During our secondary research, we found another interesting recent paper. The authors defined database operations coordinated by the application as ad hoc transactions. In other words, ad hoc transaction logic implements concurrency control on the application side. They checked 8 popular open-source web applications and found 91 ad hoc transactions, 71 of which played critical roles. 53 of them had correctness issues. We believe this adheres to the point that concurrency control is sophisticated, and even seasoned developers regularly make concurrency bugs.

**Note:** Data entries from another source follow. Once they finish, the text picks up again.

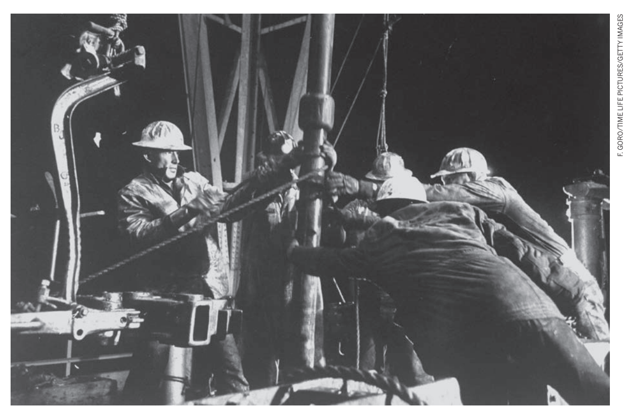
This 1961 effort to drill right through Earth's crust didn't succeed. Half a century on, geologists are ready to try again.

CORRESPONDENCE Three responses to recent special on animal research p.448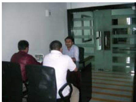
Exclusive Travel Desk has started functioning close to the Lobby. Now guests can get services of the Travel Desk round the clock.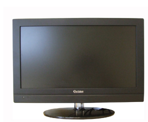
Monitor - Front

The X19LED is equipped with a HDMI connection for a clearer picture as well as a BNC, Phono and VGA connection. The monitor is also fully VESA compliant for versatile fitting and is designed for indoor use in both domestic and commercial premises.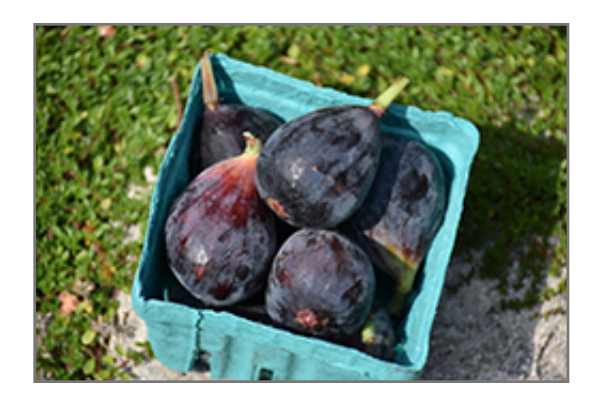
Mission Fig fruit

Mission Fig has attractive dark green foliage with chartreuse veins on a tree with a round habit of growth. The lobed leaves are highly ornamental but do not develop any appreciable fall color. The fruits are showy plum purple pomes carried in abundance in late summer. The fruit can be messy if allowed to drop on the lawn or walkways, and may require occasional clean-up.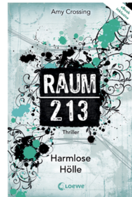
Room 213 – Harmless Hell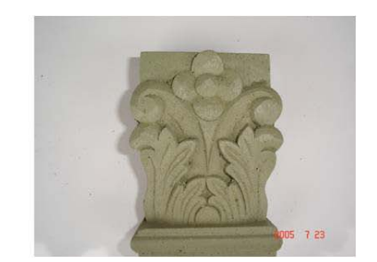
Waste Raw Material Product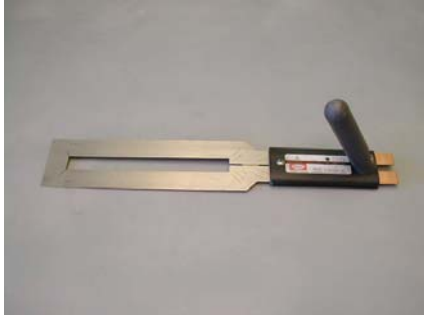
Insertion Tool #453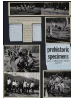
Prehistoric Specimens vs. Modern Neurotics: Sports at Black Mountain College (1995.16.1)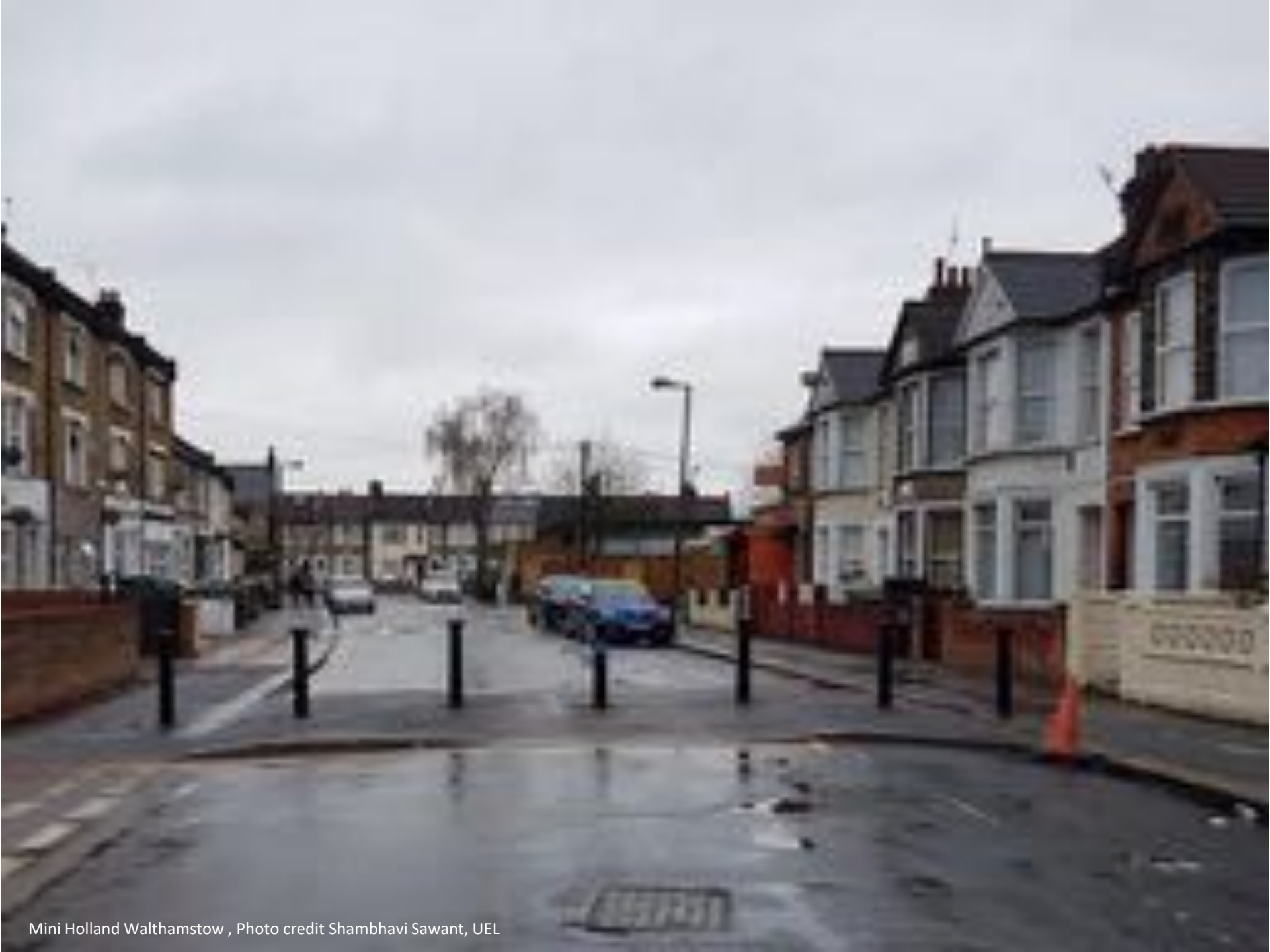
Mini Holland Walthamstow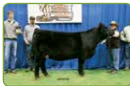
Besh Ethel W24 Dam

TJ Main Event 503B CDI Innovator 325D CDI Ms. Shear Force 49U Beshears True Man T7 Besh Ethel W24 Beshears New Years Eve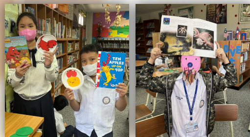
Books inspired artworks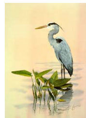
“Great Blue Heron II” 7 1/2” x 11” Limited edition $25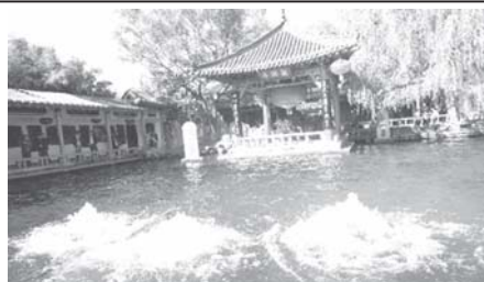
Visitors view the gurgling Baotu Spring in Jinan, capital of east China's Shandong Province, on 23 Sept, 2010. The underground water level of Baotu Spring rose to 30.01m, hitting a new record high since 1966.

LONDON, 28 Sept — Migraine sufferers could have their headaches "switched off" after researchers discovered a gene that acts like a pain thermostat in the brain. The finding could allow scientists to create a new generation of drugs that can simply turn up the threshold at which the body feels pain.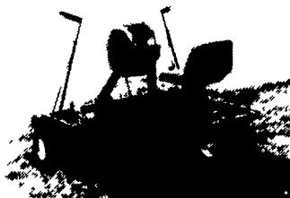
SUPER DELUXE FLATBED MULCH LAYER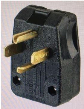
220/30 Amp Outlet. Requires this connection.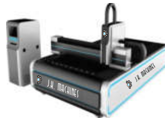
FIBER LASER CUTTING (Pg. No. 13)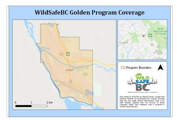
Figure 1. WildSafeBC Golden program coverage area.

In terms of wildlife activity, there are generally two peaks observed in reporting bears: one in the spring, when bears come out of hibernation and one in the fall as they prepare to enter hibernation. Garbage remained the most reported attractant, followed by fruit trees. This valuable knowledge helped guide the WCC as to when and where to focus their educational efforts. Together with its community members, the WSBC Golden program works at keeping wildlife wild and communities safe.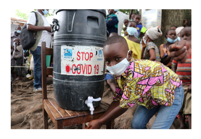
COVID19 situation (27%)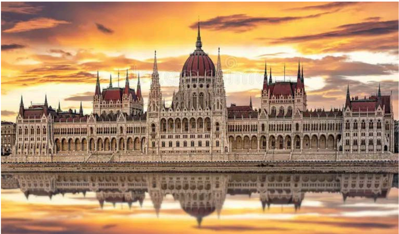
Hungarian Parliament Building

Many of Budapest's major attractions, including St. Stephen's Basilica, Váci Street (for shopping) and Fisherman's Bastion are within walking distance of the hotel. The Parliament Building and Buda Castle are just across the river, easily reached by a pleasant walk or a short tram ride.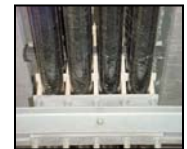
BRIDGE ATTACHMENT HANGERS & SUPPORTS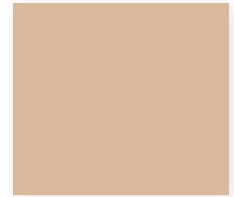
C-135 Summer Beige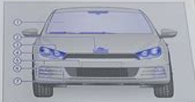
Fig. 2 Overview of the front of the vehicle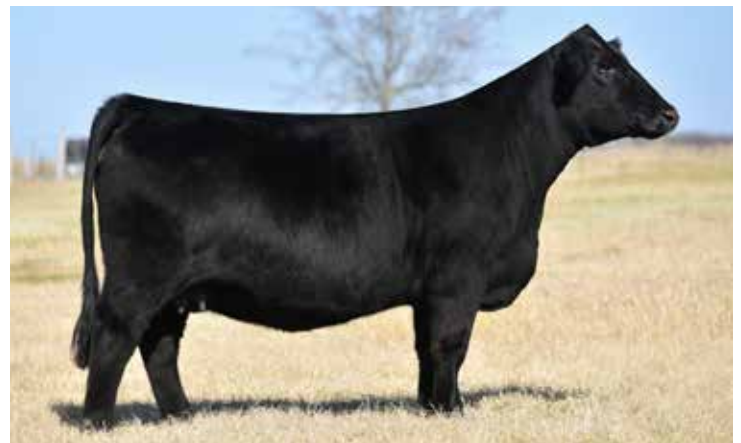
SWC BAR O FEELING IT 856F $34,000 INNOVATOR DAUGHTER OF LOT 1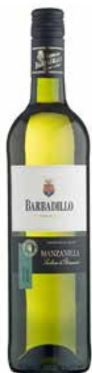
BARBADILLO MANZANILLA EXTRA DRY, SHERRY

There is another important concern related to the weak isolation level set by default. In many DBMSs (PostgreSQL in particular) serializable transactions are serialized only with other serializable transactions. If your application has a bunch of transactions with weak isolation levels and you add a new one where you need serialization, you will have to review existing transactions to find the ones where you must “promote” the isolation level. Since applications usually have tons of transactions, it’s easy to overlook the needed ones.
Now, let’s try to understand the performance impact of serialization. Surprisingly, there are many more stories and publications about bugs caused by weak isolation levels than cases where stronger isolation levels caused impractically low performance.
This paper describes an initial serializable snapshot isolation (SSI, which is another name for “serializable”) implementation in Postgres. The authors concluded that “serializable” performs only slightly below “repeatable read.” In practice, there are situations where serialization failures cause retries and performance degradation, but these cases, unlike concurrency bugs, can be solved relatively easily.
The only reasonable comparison of “repeatable read” vs. “read committed” we have found is this outdated post by Percona. They concluded that there is almost no difference between these two modes under TPC-C load (the industry-standard OLTP benchmark). We believe that the absence of fresh publications on this topic supports this conclusion.
Modern research clearly shows that concurrency bugs caused by weak isolation levels are not rare. They account for about 20% of all bugs related to database transactions. Researchers have identified isolation-related concurrency bugs in many popular open-source web applications. Moreover, these bugs often cause security vulnerabilities, which attackers have already exploited.
On the other hand, we found no evidence that the strongest “serializable” level has significantly worse performance. In particular, CockroachDB and YDB use the serializable isolation level as default and demonstrate decent performance even when compared to PostgreSQL.
There is ongoing research on solid tools to simplify the detection of concurrency bugs. Conversely, performance testing is a well-established engineering area. In practice, this means that if you choose a strong isolation level by default, you can easily use performance tests to determine if optimization is required. But with weak isolation levels, you end up reasoning about correctness, and concurrency bugs in database applications are really hard to find. As noted by C.A.R. Hoare in his ACM Turing Award Lecture: “There are two ways of constructing a software design: One way is to make it so simple that there are obviously no deficiencies and the other way is to make it so complicated that there are no obvious deficiencies.”
Thus, you might really want to consider switching to “serializable” as the default isolation level.